Someday being old

No time for anything lately, it seems, not even writing here. To be very busy can be frustrating, tension-causing, but I always think: someday, as I get (hopefully) old, all of these activates and business will just fall away until I am left with little of nothing to do in my life…. The little things will take on so much more meaning…the weather…the coffee in the morning…visits from friends or relatives (if I have any) will mean the greatest excitement.

I used to see this in my grandmother, how, at the twilight of life, with no plans to make, no places to rush to, her world would be so simple, conversation would be the weather or relatives or people at church. Someday, I will be old too, and now when I still have the visa to be in life’s mainstream, when people still listen to me, care about my work and my ideas, when I can still make things happen, and work and get things done, I should enjoy and savor and revel in the intensity—and remember, for someday it will all be a memory, and tension will be the ticking of a pendulum.
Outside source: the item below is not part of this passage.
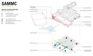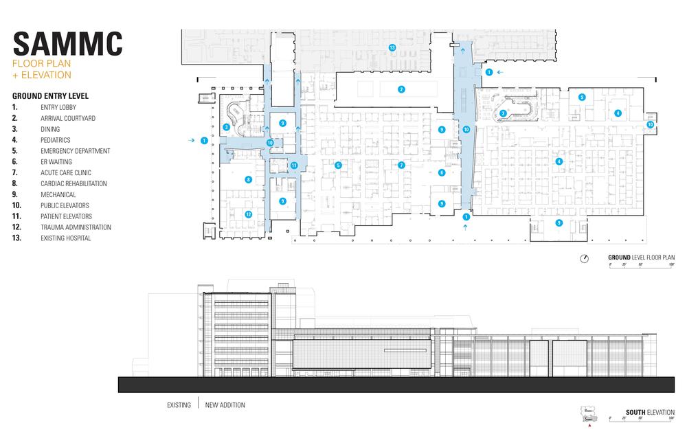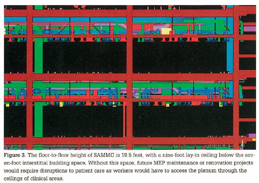 In the building, an innovative design feature dramatically improves flexibility over time. The floor-to-floor height of SAMMC is a generous 19.5 feet, in order to include a 7-foot interstitial mechanical space in order to accommodate future changes without disrupting patient care or requiring costly and wasteful renovation.

To night I visited the opening of a photo show by Melva Moline, department chair. She seemed generally pleased to see me there. No one else from the department showed up. Hmm. The members of that department, frankly, are not delights to behold…. Melva had worked very hard on this show, as she worked very hard in everything she’s done these last 10 years. And I don’t think she has gotten the credit she deserves for it. The upstarts cast the brighter glow, though surely not the deeper one.